- Born: October 12, 1932 (age 92) New York City, New York, U.S.
- Education: Barnard College
- Known for: Paintings
- Spouse: Philip Cavanaugh
- Children: 1
- Parent(s): Milton Avery and Sally Michel Avery

= March Avery =

American painter

March Avery (/ˈeɪvəri/; born October 12, 1932) is an American painter.

== Life ==
The daughter of Milton and Sally Michel Avery, March was trained by her father. She grew up around other famous artists such as Mark Rothko, Adolf Gottlieb, Barnett Newman, Byron Browne, and Marsden Hartley. She attended the Little Red School House in New York.
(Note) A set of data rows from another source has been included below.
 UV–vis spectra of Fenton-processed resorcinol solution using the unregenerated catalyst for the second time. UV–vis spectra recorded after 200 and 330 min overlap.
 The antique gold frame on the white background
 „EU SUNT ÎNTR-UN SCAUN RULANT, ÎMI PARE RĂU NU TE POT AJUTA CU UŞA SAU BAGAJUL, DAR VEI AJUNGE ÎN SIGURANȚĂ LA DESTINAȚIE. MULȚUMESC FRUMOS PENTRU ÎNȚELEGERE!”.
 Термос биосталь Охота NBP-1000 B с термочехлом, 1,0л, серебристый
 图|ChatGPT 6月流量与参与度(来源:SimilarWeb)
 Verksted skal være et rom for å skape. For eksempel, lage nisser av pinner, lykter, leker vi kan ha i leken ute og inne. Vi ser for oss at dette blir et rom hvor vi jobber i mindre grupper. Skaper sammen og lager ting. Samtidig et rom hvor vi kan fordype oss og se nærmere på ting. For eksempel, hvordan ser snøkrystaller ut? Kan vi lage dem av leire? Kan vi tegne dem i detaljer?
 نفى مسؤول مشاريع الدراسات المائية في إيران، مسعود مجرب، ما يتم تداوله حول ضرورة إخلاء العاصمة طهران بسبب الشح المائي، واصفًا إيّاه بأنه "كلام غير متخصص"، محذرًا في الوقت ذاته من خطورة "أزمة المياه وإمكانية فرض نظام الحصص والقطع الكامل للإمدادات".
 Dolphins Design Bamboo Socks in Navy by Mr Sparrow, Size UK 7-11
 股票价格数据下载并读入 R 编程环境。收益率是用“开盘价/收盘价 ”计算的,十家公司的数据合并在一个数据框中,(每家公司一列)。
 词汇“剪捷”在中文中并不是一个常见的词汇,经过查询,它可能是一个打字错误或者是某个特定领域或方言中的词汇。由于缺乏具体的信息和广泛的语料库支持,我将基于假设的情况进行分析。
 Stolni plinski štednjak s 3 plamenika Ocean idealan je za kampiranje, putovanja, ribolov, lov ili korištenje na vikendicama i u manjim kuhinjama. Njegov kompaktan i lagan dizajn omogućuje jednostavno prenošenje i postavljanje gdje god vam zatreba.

She graduated from Barnard College and married Philip Cavanaugh, with whom she has a son named Sean. Her work has been shown at the Brooklyn Museum, Brooklyn, New York; Pennsylvania Academy of the Fine Arts, Philadelphia; New Britain Museum of American Art, Connecticut; and the Chrysler Museum of Art, Norfolk, Virginia. Her work can be found in the collection of the National Gallery of Art in Washington, DC.

== Bibliography ==
- 'Artists' Estates Reputations in Trust'. Ed. by Magda Salvesen and Diane Cousineau. (New Jersey: Rutgers University Press, 2005), 150–151.